World Youth Day? Sean O Conaill
As a tiny remnant of Ireland’s Catholic youth makes its way to Rio for ‘World Youth Day’ next month will any of them wonder about its significance for the huge majority of their peers left behind?
Will any of those on the plane ask themselves: “Why is there ever only one such assembly on this spherical earth? Doesn’t that exclude almost all of us? Why isn’t WYD celebrated on the same day in every city and diocese in Ireland – with all of us able to attend and tell our bishops how we foresee the future of the church?”
Those questions might even be prompted by the same experience that Archbishop Diarmuid Martin described to the pope emeritus in 2006: “I can go to parishes on a Sunday where I find no person in the congregations between the ages of 16 and 36. None at all.”
Given the usual format of World Youth Day, it is highly unlikely that any question as to its mysterious unilocational character could be put directly to the pope next month by our young people. However, given the dire crisis of continuity threatening the Irish Church – proven by the very phenomenon that Archbishop Martin described – shouldn’t it occur to the Irish Bishops Conference, as well as to the Nuncio, Archbishop Charles Brown, to ask it for them?
It will certainly be regarded by future generations of Irish Catholics as the strangest and most dangerous feature of our church at present that we all, adults and young people alike, do not have regular opportunities for asking such questions of our bishops. Why this overwhelming fear of any regular assembly that might permit unscripted questions to the magisterium – questions that might relate directly to all aspects of the crisis we are so clearly surrounded by? How come that the nearest ever approximation to an assembly of the Irish church in the midst of this crisis was organised by the ACP in May 2012, an event entitled ‘Towards an Assembly of the Irish Church’? And how come not a single Irish bishop could dare to attend that?
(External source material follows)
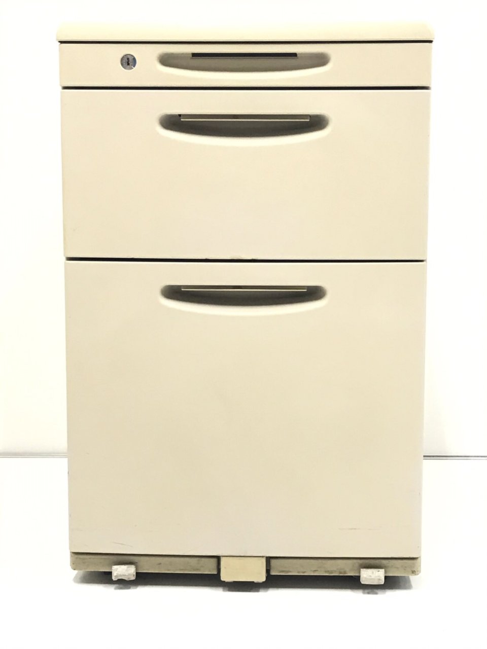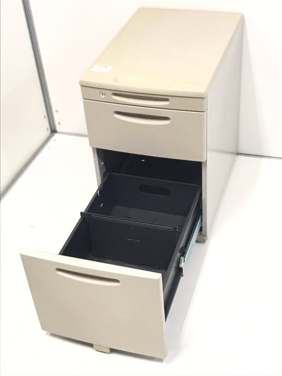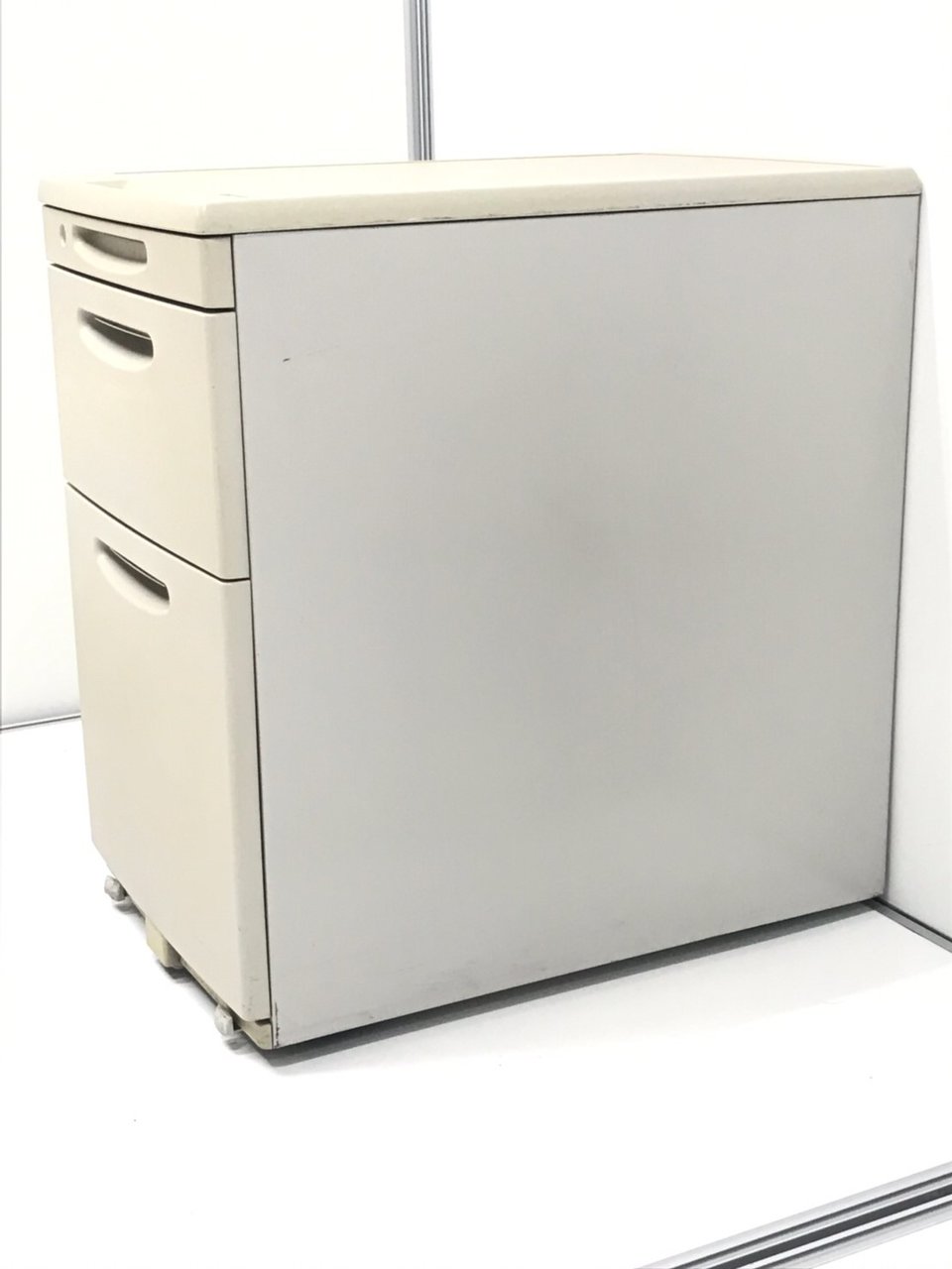 - 一部不具合ありその脇机・ワゴンの本来の効用を果たすための機能以外の一部が使用不可な状態。(例、引出が開閉しづらい、 キャスターロック機能使用不可、ラッチ不良 等がある。)

To me it seems that the answer lies in the fear of modernity that overtook the papacy after 1789, a fear that was squarely challenged by Vatican II, but a fear that returned in 1968 with the conflict over Humanae Vitae. This fear has led to an effectual ban on assemblies of the Catholic church in Europe – in the very era that the papacy has deplored the EU’s apparent loss of a sense of its Christian heritage. How else are we to understand, for example, the disappearance of the plan to hold a synod of the Dublin archdiocese, mooted in the final years of Cardinal Connell?
And so World Youth Day has been until now essentially a media op for the papacy – to prove its intense rapport with younger generations. It has also been, sadly, a striking sign of the very sickness identified by Pope Francis: the fatal narcissism of the church’s leadership – and of its denial of the actual crisis of Youth Departure in the Western church.
So maybe this year World Youth Day in Rio will hear promise of an entirely different format for the future – one that will allow the entire cohort of Irish Catholic school leavers to attend next time round? This too would be for me a litmus test of the pope’s determination to end the magisterial ban not just on assembly, but on its Christian corollary – genuine Communion. It is surely this ban above all that explains why Archbishop Martin could still probably go to parishes in Dublin “where I find no person in the congregations between the ages of 16 and 36. None at all.”